LONDON — German politicians did not appreciate Philip Hammond’s “threats” against the European Union.
The Chancellor of the Exchequer told newspaper Welt am Sontag, Britain would have to change its economic model if shut off from the European market. He hinted the country could slash taxes for companies in an effort to remain competitive, essentially turning itself into a tax haven.
“The two major economic weaknesses in Great Britain are the considerable trade deficit and the large budget deficit. Hammond’s tax cuts “threats” are therefore threats of self-harm and as such an expression of British helplessness,” Christian Democratic Union deputy Norbert Röttgen told German newspaper Welt.
He added: “Instead of threats, which exist on both sides, considering the international threats, everyone should focus on the common interests and the compromises derived from them.
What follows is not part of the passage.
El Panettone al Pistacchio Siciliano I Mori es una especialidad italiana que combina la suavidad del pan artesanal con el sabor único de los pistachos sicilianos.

Even after the Brexit, we should strive for a partnership as close as possible in the interest of the EU and the UK.”
German MEP Alexander Graf Lambsdorff also dismissed Hammond’s comments: “Hammond apparently wants to impress Brussels with a horror scenario at the beginning of the negotiation process. We should ignore this. Instead of blustering, it would be more sensible for Britain to finally put a coherent overall concept on the agenda for the future of the relationship.”
“Hammond apparently wants to impress Brussels with a horror scenario at the beginning of the negotiation process. We should ignore this. Instead of blustering, it would be more sensible for Britain to finally put a coherent overall concept on the agenda for the future of the relationship.”
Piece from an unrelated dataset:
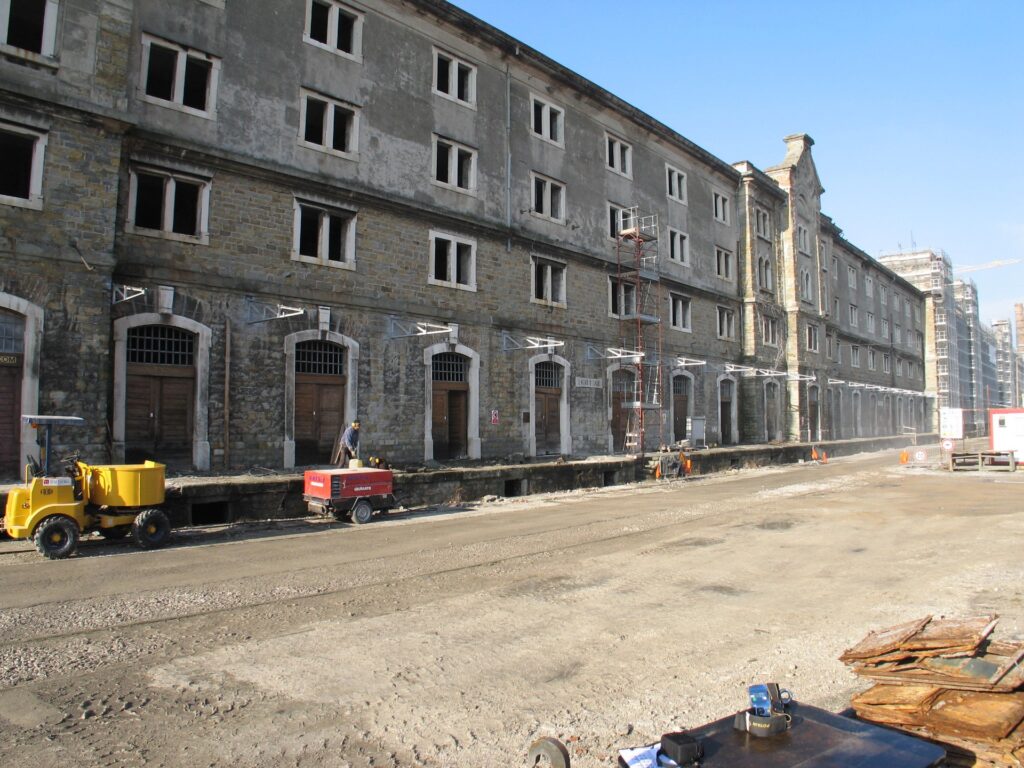 Misura circa 250 metri di fronte per 35 di lato, con circa 9.000 mq di superficie per piano. Ha subito, nel tempo, notevoli danni da intemperie e da umidità risalente di natura elettrolitica e, pertanto, nel 2006, mentre era in fase di ristrutturazione, è stata chiesta alla società Maltauro S.p.A. che eseguiva i lavori, l’autorizzazione a svolgervi una sperimentazione consistente nell’attivazione temporanea del B.E.F.E.C.® System, per verificarne l’attitudine all’eliminazione dell’acqua inglobata nella sua struttura e, dei risultati ottenuti, la stessa Società ci ha fornito l’attestazione allegata.

To others, Hammond’s announcement was simply met with surprise. “Even after the Brexit, Britain will continue to be a member of the OECD and the G7, and there are clear principles for the taxation of companies. I do not have the impression that London wants to leave all international organisations,” MEP Markus Ferbers said.
Hammond told Welt am Sontag that if the UK has no access to the European market post-Brexit, that “we could be forced to change our economic model and we will have to change our model to regain competitiveness. And you can be sure we will do whatever we have to do. The British people are not going to lie down and say, too bad, we’ve been wounded. We will change our model, and we will come back, and we will be competitively engaged.”
Britain has previously dangled the threat of becoming a tax haven in the past, but Hammond’s comments carry more weight this time considering that British Prime Minister Theresa May is expected to reiterate on Tuesday that she wants a “Hard Brexit,” which means Britain will opt out of freedom of movement.
This would, in turn, lead the UK to be shut off from the single market as key European politicians have made clear that the UK would not be allowed to “cherry-pick” which European freedoms it wants to keep.